62

Possible Duplicate:
How to move 100 files from a folder containing thousands?

Is it possible to copy only the first 1000 files from a directory to another?

Thanks in advance

chchrist
  • 723
  • 1
  • 5
  • 6
  • 1
    What do you mean by "first"? Did you look at [this related question](http://unix.stackexchange.com/questions/12976/how-to-move-100-files-from-a-folder-containing-thousands) ? – Mat Jan 16 '12 at 12:14
  • If a folder has 50000 files copy only the first 1000. I'll look at the question thnx. – chchrist Jan 16 '12 at 12:24
  • 1
    What to you mean by "first"? Alphabetical? By time changed/accessed? Any set of 1000? – Mat Jan 16 '12 at 12:25
  • Any without criteria – chchrist Jan 16 '12 at 12:31
  • 1
    Sounds like you are trying to copy files using batches. – Russell Jan 16 '12 at 12:50
  • Yes that's what I am trying to do. – chchrist Jan 16 '12 at 12:52
  • 1
    Since I can't answer: this solution seems like the cleanest of them all: `cp \`ls | head -500\` ./subfolder1/`. You might want to be in the directory to copy from such that `ls` can work properly. Also, it assumes none of the filenames contain space, tab, newline, star, open square bracket, question mark characters or start with - or . and assuming subfolder1 itself does not show up in that list (credits to https://unix.stackexchange.com/questions/105040/how-to-move-the-first-x-files). – Marcel Braasch May 31 '20 at 08:59

3 Answers3

91

The following copies the first 1000 files found in the current directory to $destdir.
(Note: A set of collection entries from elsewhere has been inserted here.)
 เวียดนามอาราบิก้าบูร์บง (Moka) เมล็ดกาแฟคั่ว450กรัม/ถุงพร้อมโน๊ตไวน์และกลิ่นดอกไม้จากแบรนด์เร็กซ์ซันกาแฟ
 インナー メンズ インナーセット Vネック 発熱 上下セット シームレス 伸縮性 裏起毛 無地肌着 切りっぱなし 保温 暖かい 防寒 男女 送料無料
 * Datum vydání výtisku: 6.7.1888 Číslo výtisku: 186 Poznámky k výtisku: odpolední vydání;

Though the actual files depend on the output returned by find.

$ find . -maxdepth 1 -type f |head -1000|xargs cp -t "$destdir"

You'll need the GNU implementation of cp for -t, a GNU-compatible find for -maxdepth. Also note that it assumes that file paths don't contain blanks, newline, quotes or backslashes (or invalid characters or are longer than 255 bytes with some xargs implementations).
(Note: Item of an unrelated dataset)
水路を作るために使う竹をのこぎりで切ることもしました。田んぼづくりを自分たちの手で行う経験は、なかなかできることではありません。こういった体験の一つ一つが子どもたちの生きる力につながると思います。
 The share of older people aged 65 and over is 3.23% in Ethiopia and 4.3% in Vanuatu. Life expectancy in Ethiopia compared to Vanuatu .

EDIT: To handle file names with spaces, newlines, quotes etc, you may want to use null-terminated lines (assuming a version of head that has the -z option):

find . -maxdepth 1 -type f -print0 | head -z -n 1000 | xargs -0 -r -- cp -t "$destdir" --
terdon
  • 234,489
  • 66
  • 447
  • 667
onur güngör
  • 1,274
  • 8
  • 14
  • @chchrist, Mark this as answer. – shgnInc May 04 '14 at 06:09
  • 2
    doesn't work to me if paths has spaces in it – miguelfg Jan 20 '16 at 16:39
  • @onur [`I couldn't find any version of head that has a '-z' option. Otherwise thanks for the improvement`](https://unix.stackexchange.com/revisions/29221/5) Then the above edit doesn't work as intended(ie. there's no 1000 files limit anymore, it's all files), if head isn't treating lines as null terminated! `head -z` exists for me on Fedora 25: `$ rpm -qf /usr/bin/head` result `coreutils-8.25-17.fc25.x86_64` package. Also see [this](https://unix.stackexchange.com/a/467153/306023) answer where I used `head -z`. I'm curious, what distribution did you check for `head -z` availability? Thanks. –  Sep 09 '18 at 04:30
  • There is a workaround for those not having `head -z` see: https://unix.stackexchange.com/a/467073/306023 So the above becomes then: `find . -maxdepth 1 -type f -print0 | tr '\0\n' '\n\0' | head -n 1000 | tr '\0\n' '\n\0' | xargs -0 -r -- echo -t "$destdir" --` ie. replace `head -z -n 1000` with `tr '\0\n' '\n\0' | head -n 1000 | tr '\0\n' '\n\0'` –  Sep 09 '18 at 06:14
  • `head -z` gives `invalid option` error in Debian jessie/sid version. – onur güngör Sep 10 '18 at 07:21
  • 2
    @onurgüngör Marcus is right though, if you've got `find` printing everything on one line with `-print0`, `head` isn't going to work, so I don't think your last example is right. Want to incorporate the workaround posted in that comment instead? – Michael Mrozek Sep 11 '18 at 14:30
  • 2
    @onurgüngör I think you need to update your version. The `man` page [listed for sid](https://manpages.debian.org/unstable/coreutils/head.1.en.html) does include the `-z`. – terdon Sep 12 '18 at 11:46
4

A pure shell solution (which calls cp several times).

N=1000;
for i in "${srcdir}"/*; do
  [ "$((N--))" = 0 ] && break
  cp -t "${dstdir}" -- "$i"
done

This copies a maximum number of $N files from $srcdir to $dstdir. Files starting with a dot are omitted. (And as far as I know there's no guaranty that the set of chosen files would even be deterministic.)

Stéphane Chazelas
  • 522,931
  • 91
  • 1,010
  • 1,501
Stéphane Gimenez
  • 28,527
  • 3
  • 76
  • 87
0

The following scary 1-liner:

perl -MFile::Copy -e 'opendir(DIR,$ARGV[0]);$n=1000; (-f $_) && copy($_,"$ARGV[1]/$_") while($n-- && readdir(DIR)) 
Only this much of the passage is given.